The government has allocated at least P22 billion for the development of bamboo industry in the country from 2021 to 2022 as the high value added forest product has good export potential, wide industry applications, and jobs creation.
Trade and Industry Secretary Ramon M. Lopez said at the North Luzon and Central Luzon Virtual Bamboo Summit that for 2021 government agencies are implementing P594 million worth of projects while the Development Bank of the Philippines is making available P10 billion in loans for the industry.
For 2022, a total of P1.4 billion-worth of projects have been proposed for that budget cycle, and about P10 billion-worth of loans again will be again made available.
“Our aim is to plant 23,671 hectares of bamboo nationwide for 2021 and 40,000 hectares for 2022,” said Lopez.
On DTI’s part, Lopez said the agency has provided support for bamboo agri-business and bamboo processing to cooperatives, micro, small and medium enterprises (MSMEs), associations, and local government units (LGUs) through its Shared Services Facilities (SSF) Program and other technical assistance.
DTI has also provided training to help them develop value-add for their bamboo products. Last year, DTI implemented projects worth around P15 million in 11 regions, of which P9 million were allocated to North and Central Luzon.
For 2021, DTI will be implementing projects amounting to around P41 million in 12 regions, of which P20 million will be allocated to North and Central Luzon.
For 2022, the DTI is proposing projects worth around P545 million in 13 regions, of which about P14 million shall be allocated in North Luzon and Central Luzon.
To support the Bamboo Industry Roadmap 2020-2022, Lopez said the whole-of-government approach has resulted in the implementation of a number of projects that would help us to fulfill the goals of our roadmap.
Last year, eight government agencies—including DTI—had implemented a total of P441 million-worth of projects related to the various aspects of meeting the roadmap’s objectives of bamboo development.
Likewise, the DBP has made P10 billion-worth of loans available for would-be bamboo farmers. As a result, 16,867 hectares have been planted to bamboo nationwide for the year 2020, a little more than the target of 16,687.
Lopez reiterate the goals and benefits of developing a strong Philippine bamboo industry and its value chain.
“By planting more bamboo trees to increase the supply of bamboo, we aim to create a source of livelihood for our people, especially in communities in the countryside near the areas where bamboo is being planted,” he said.

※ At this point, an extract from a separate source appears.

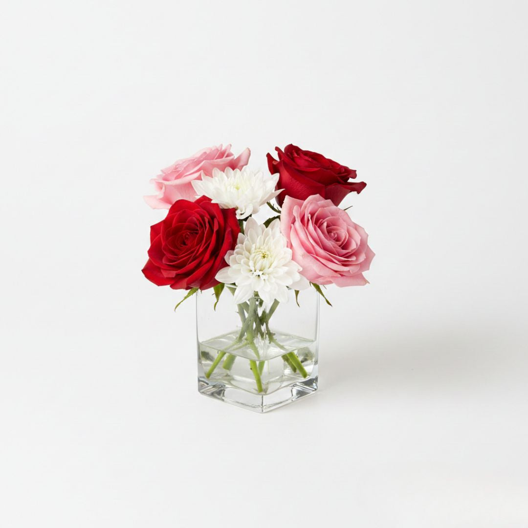 The Blushing Hearts vase is a delicate and charming Valentine’s gift. With a mix of red and pink roses and pure white chrysanthemums, it beautifully symbolizes love, affection, and purity. Its compact square design makes it perfect for a desk, bedside, or cozy romantic corner.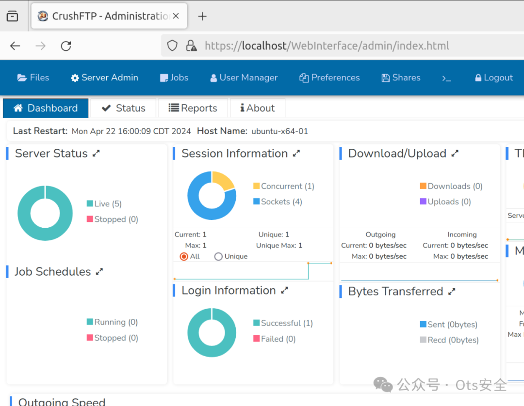 利用该漏洞的恶意请求似乎可以使用任何 HTTPS 方法,并且可以通过请求正文参数传递有效负载。 CrushFTP.log

The Department of Environment and Natural Resources has also included bamboo in their National Greening Program to ensure a continuous planting of bamboo in bamboo-friendly areas and as reforestation option for mining companies.
“This bamboo can then support the requirements of our MSMEs, particularly the producers of bamboo-based finished goods,” Lopez added citing reengineered bamboo wood.
He said the country’s furniture-makers can take advantage of these bamboo-based materials and reengineered bamboo for their products, which will give them a higher value and earn them more profit, especially now that there is a strong demand for bamboo-based products.